Suzuki Motor Corp  (SZKMY)  accelerated its full-year profit outlook Friday as robust sales in India offset Japanese yen strength and helped it overtake its larger domestic rivals. 

The Shizuoka, Japan-based automaker raised its full-year operating profit by 11.1% to ¥200 billion ($1.9 billion), despite keeping its sales outlook intact at ¥3.1 trillion. The company also raised its profit estimate at the recurring and net levels by 14% and 56%, respectively.

The maker of the Swift and Vitara models attributed the upgrade to strong sales in India, where subsidiary Maruti Suzuki India dominates about half of the Indian passenger car market. Suzuki also pointed to Europe as a source of strength. These were more than enough to offset the impact of yen appreciation, which has caused headaches to many Japanese exporters so far this year, as well as weaknesses elsewhere such as Indonesia and Pakistan.

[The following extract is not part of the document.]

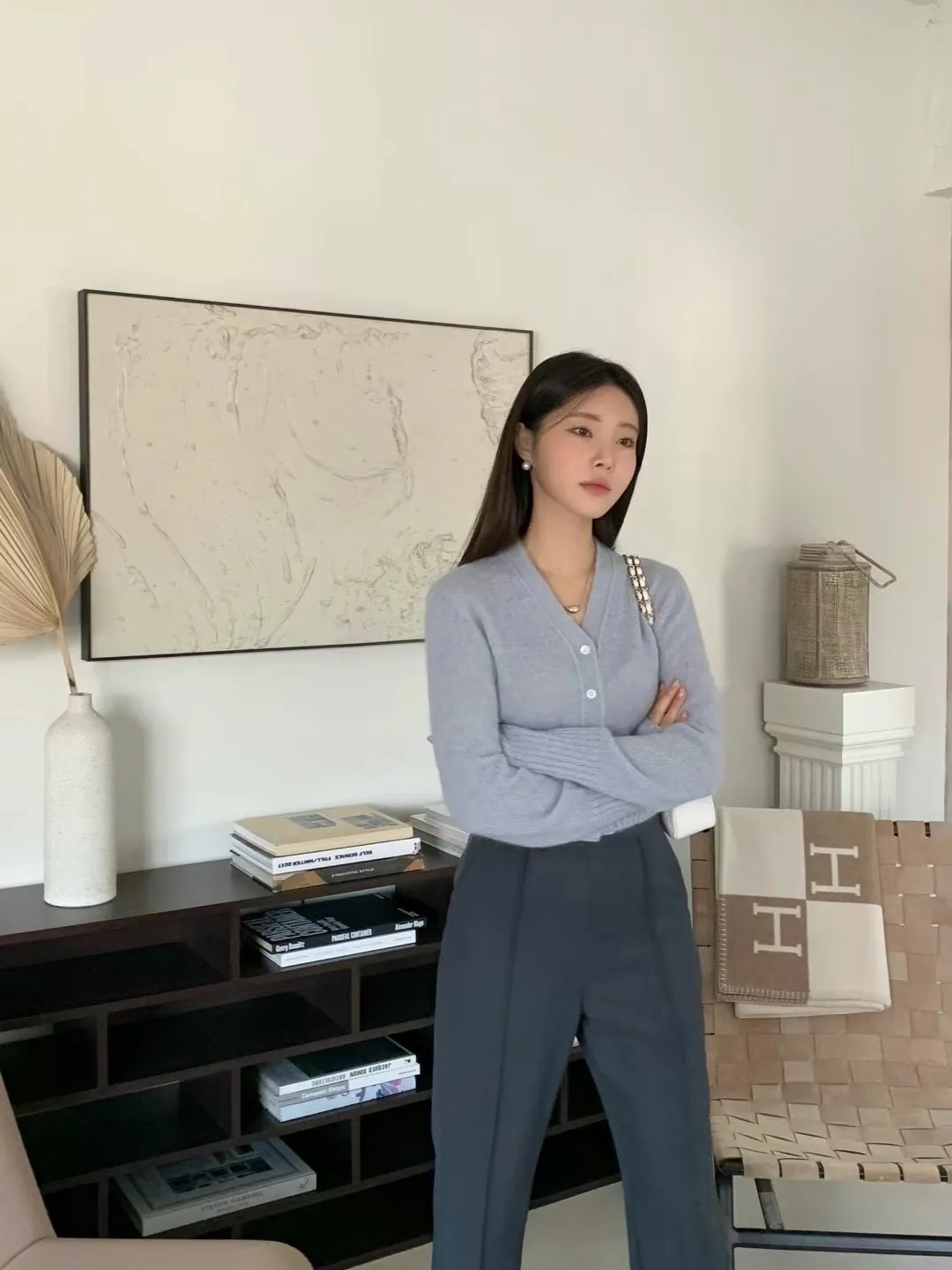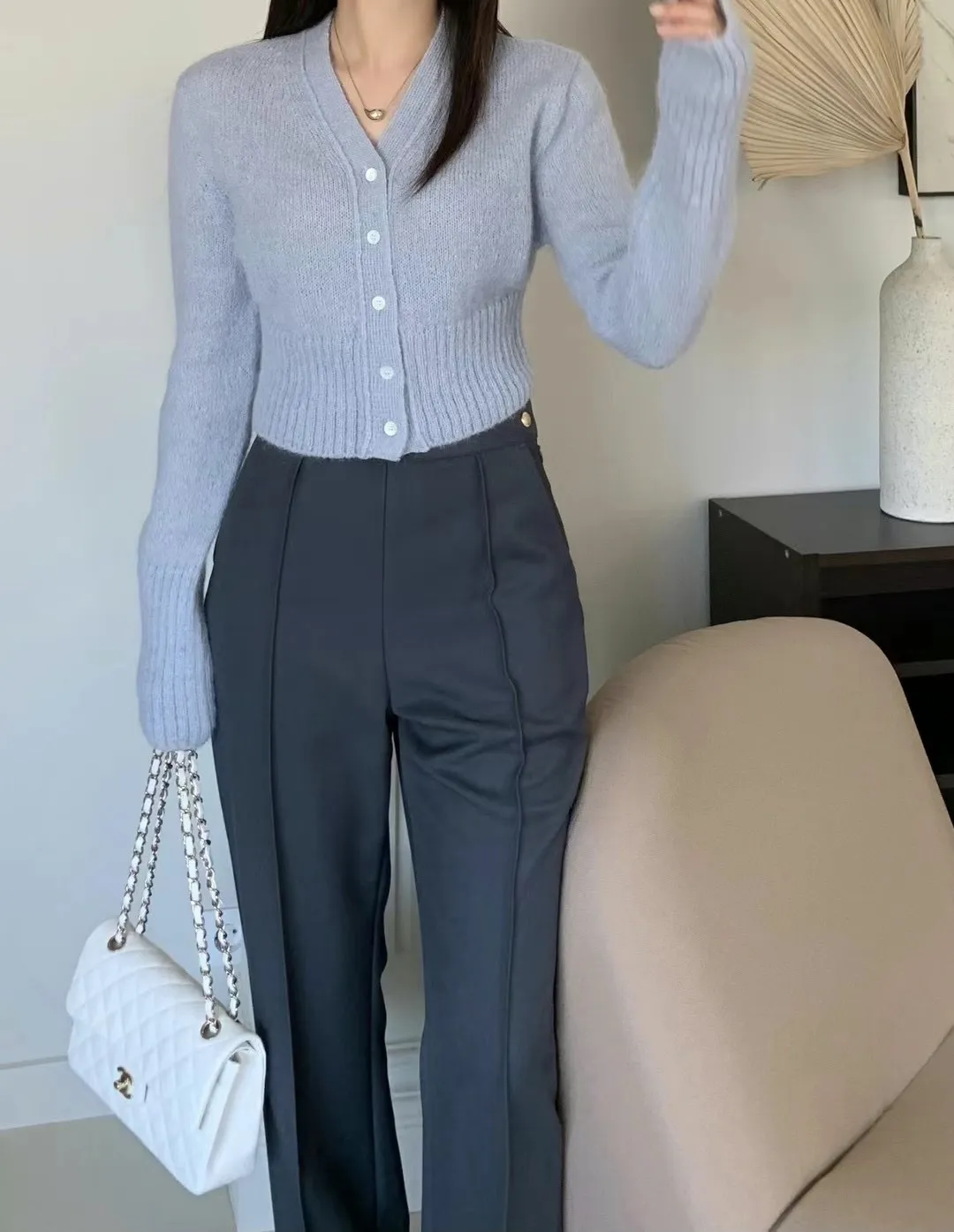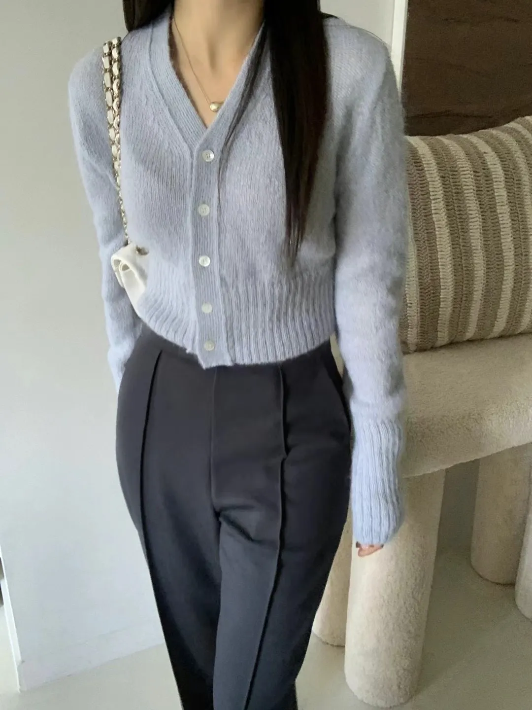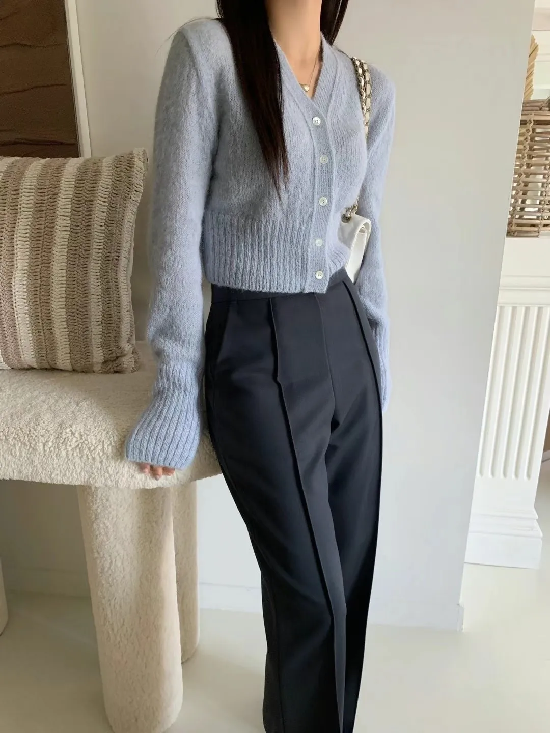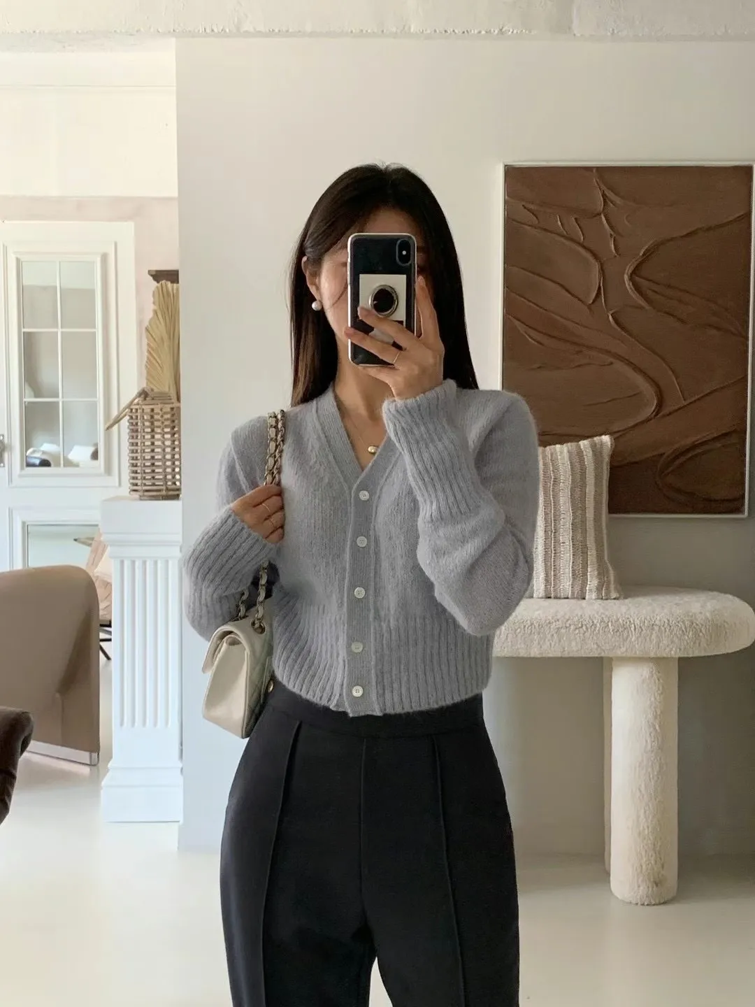 設計師品牌 羊駝毛美麗諾羊毛短款針織開衫上衣外套

Gains from the sales of its investment securities are contributing to the jump in net profit, the carmaker said.

For the six months through September 30, Suzuki saw operating profit advance 14.3% to ¥115.5 billion despite a 3.6% drop in sales to ¥1.5 trillion. The automaker also reported increases of 8.7% and 26.4% at the operating and net levels.

The automaker's geographical footprint differs from many other of its Japanese rivals. In the second quarter, the company generated 43% of its sales in Asia outside of Japan, 42% in Japan, and 11% in Europe. Its presence in the U.S. is less than 5%.

This composition compares with larger rivals such as Toyota (TM) and Nissan (NSANY) , which rely about 40% of their sales on North America. They will report half-year results next week.

Since April 1, the start of Suzuki's fiscal year, the yen has appreciated 8% against the dollar, 10% against the euro, and 9% against the Indian rupee. The company revised its forex assumption to ¥104 from ¥105 against the dollar, to ¥116 from ¥120 against the euro, and to ¥1.58 from ¥1.6 against the Indian rupee.

Suzuki's shares, however, have risen nearly 18.7% over that same time period, which marks the traditional start of Japan's corporate year. This compares to losses of 4.27% for Toyota and 2.8% for Nissan.